Current Food Safety Minister Nikki Kaye issued a media release saying “The system has been robustly tested … The Health Star Rating system is backed by research internationally and in New Zealand.” This could be considered misleading: the HSR label is new, and has never been tested outside Australia or NZ. Four studies were completed during development (3 in Australia, 1 in NZ), but none tested the actual format announced in June 2014. Worryingly, the final format even ignores findings from those studies about which design elements consumers found most useful. The studies are briefly summarised here, and I can be contacted for further details on the limitations of these studies.

The first Australian study used qualitative methods to investigate consumers’ current information-search behaviours. It also sought participants’ reactions to alternative star-rating label design ideas, from which a set of design guidelines were generated. The second used an online survey to measure consumers’ self-rated ability to understand different elements based on these guidelines. The results of this study were used to generate a Health Star Rating tested in the third experiment:

Figure 1 – The original HSR label design tested in 2013

That final Australian study involved a large simulated shopping experiment, which was conducted to measure whether adding the HSR label (or a reduced version showing only the Stars and Energy tab) caused respondents to change their purchase behaviour. It found people said they’d switch to buying more highly rated products, and fewer lowly rated products, with the threshold being around 2.5-3.0 stars. However, as I explain in the detailed section at the end, the experimental design had flaws that raise questions about the reliability of these results.

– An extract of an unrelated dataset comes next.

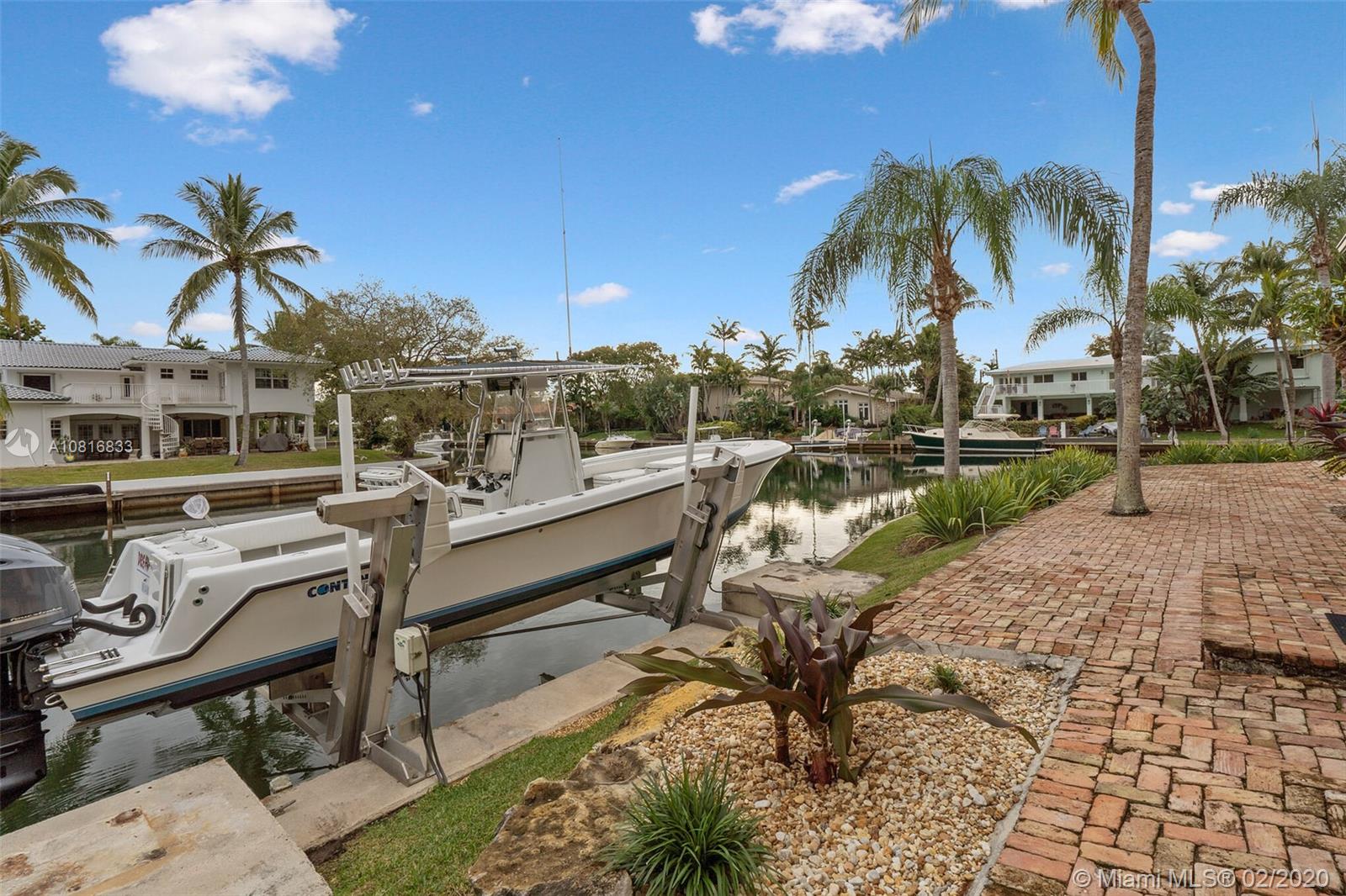 Gables By The Sea point lot waterfront home with Ocean access. Four bedrooms, three full baths. Close to 200 feet of water frontage. New dock with composite decking. New 14,000 lbs lift. New roof in 2016. Wrap around patio with amazing view of the water on both sides. 3 bedrooms & 3 full baths on the main floor. Large bedroom with 180 degree water views on the top floor which is used as an office and hobby room. Complete wind storm protection. Oversized 2 car garage with storage. Formal dining room. Eat in kitchen. Three zoned A/C. Nice size pool with Chicago bricked patio. This home is located at the end of a Cul-De-Sac in guard gated community. Living spaces are 12+ feet above sea level.

One study was conducted in NZ, to test whether consumers could use three versions of the health star label to identify healthier options within two pairs of substitutable foods. Overall, people were about 50% more likely to identify the more highly rated choice with a stars label, compared on when only the back of pack label was present.

According to Professor Winsome Parnell, the Australian FOPL group “settled on the star rating system quite early in its deliberations” (24). The research methods used certainly appear designed to find support for this system, particularly by failing to compare it to other interpretive formats.

Is there anything else like the Health Star Rating we can compare to?

There is only one summary stars rating label in use, and that is the Guiding Stars shelf-tag label used by about 2,000 stores in the US and Canada, introduced in 2007. The Guiding Stars algorithm is somewhat similar to the HSR in that foods get points from positive nutrients and lose them for negative nutrients per 100g. Foods are rated from zero to three stars, and the rating appears next to the price on the shelf-tag.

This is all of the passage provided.